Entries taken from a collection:
+++

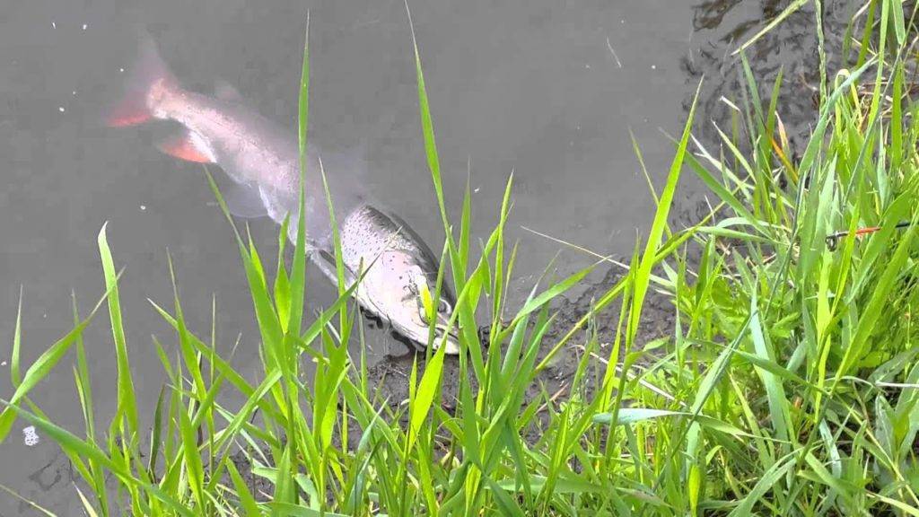 - Посленерестовый – этот пик активности тайменя приходится на начало и середину июня. Отнерестившийся хищник в это время постепенно скатывается вниз по течению на летние стоянки – плесы, ямы, участки ниже порогов и перекатов. Чтобы восполнить потраченные на нерест питательные вещества, хищник начинает активно кормиться. Прекращается этот пик с наступлением летнего зноя в начале и середине июля.
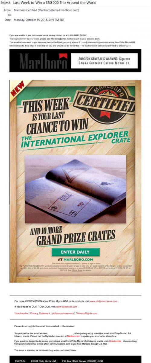 Email from Marlboro in October 2018 announcing the last week to enter the Marlboro Certified contest, highlighting the "international explorer" themed prize package crate. Provides a link to enter on the brand website.
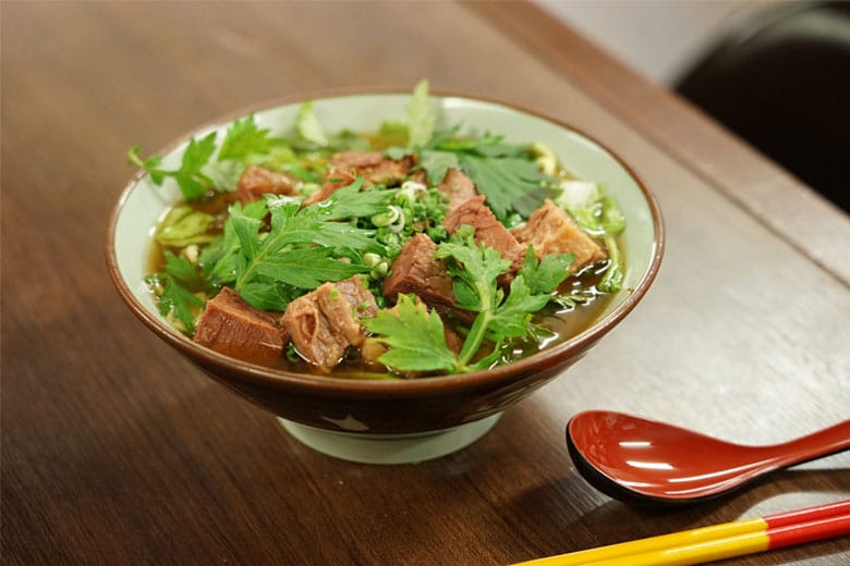 牛そばにはたっぷりのよもぎをのせて食べるのが石垣島流です。
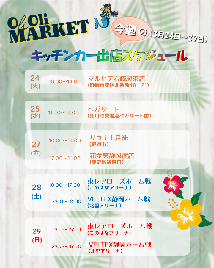 3月25日(水)~3月29日(日) キッチンカー出店スケジュール
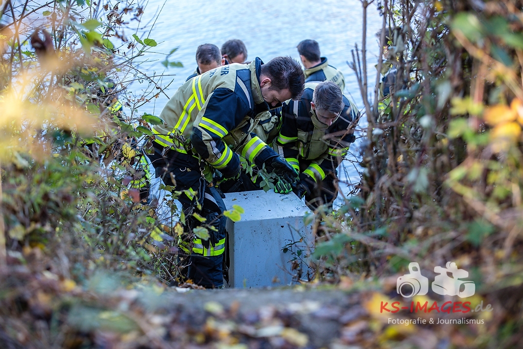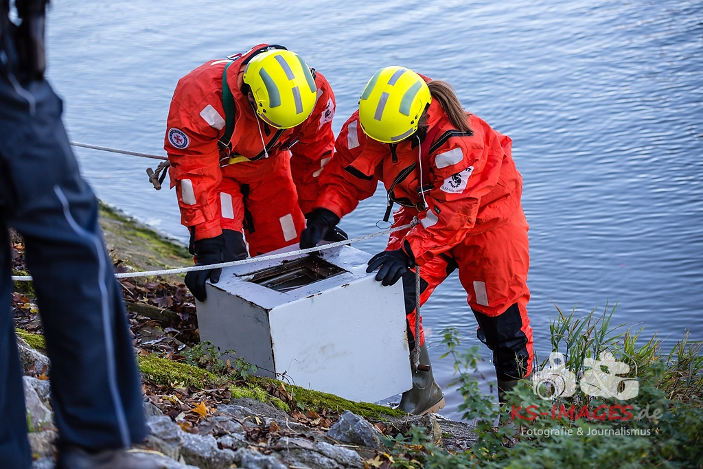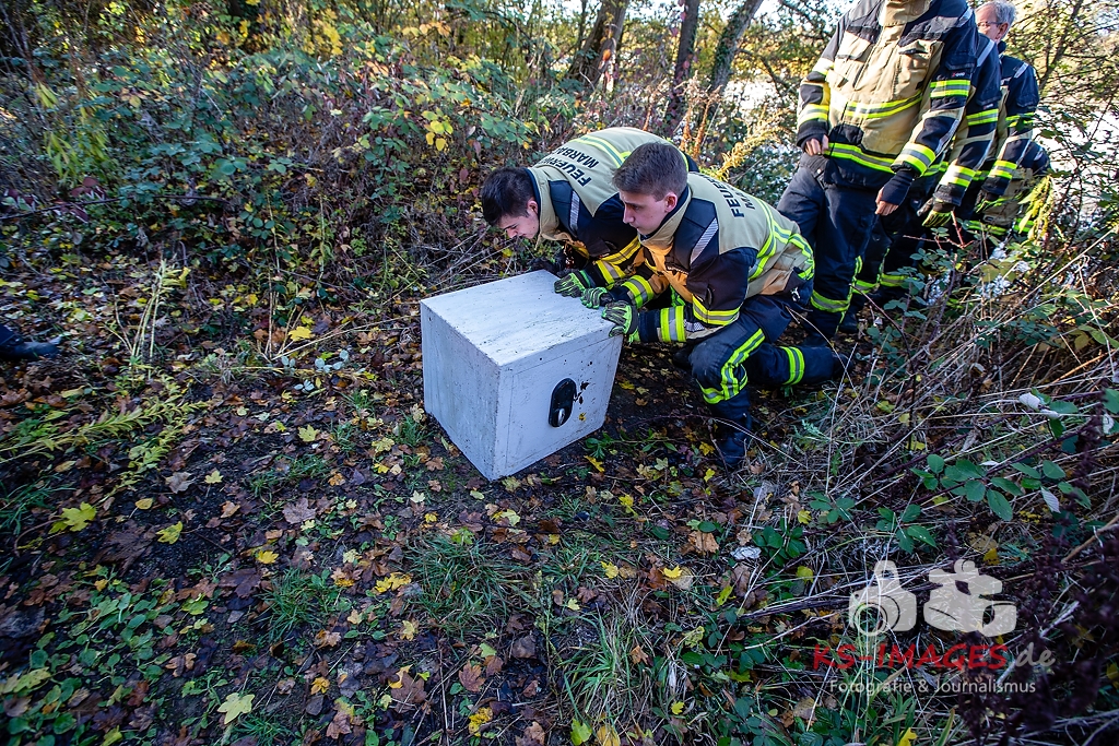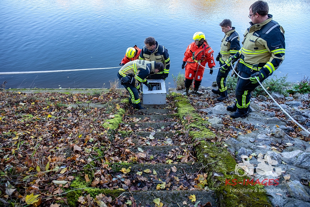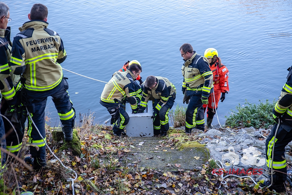 Fotostrecke: Geldschrank im Neckar bei Marbach aufgefunden Feuerwehr Marbach muss den Tresor bergen 01.11.2018

+++

Every line above between the one containing "Email from Marlboro" and the one containing "3月25日(水)~3月29日(日) キッチンカー出店スケジュール", those two included, is to be printed exactly. No pictures go into the copy.

 Email from Marlboro in October 2018 announcing the last week to enter the Marlboro Certified contest, highlighting the "international explorer" themed prize package crate. Provides a link to enter on the brand website.
 牛そばにはたっぷりのよもぎをのせて食べるのが石垣島流です。
 3月25日(水)~3月29日(日) キッチンカー出店スケジュール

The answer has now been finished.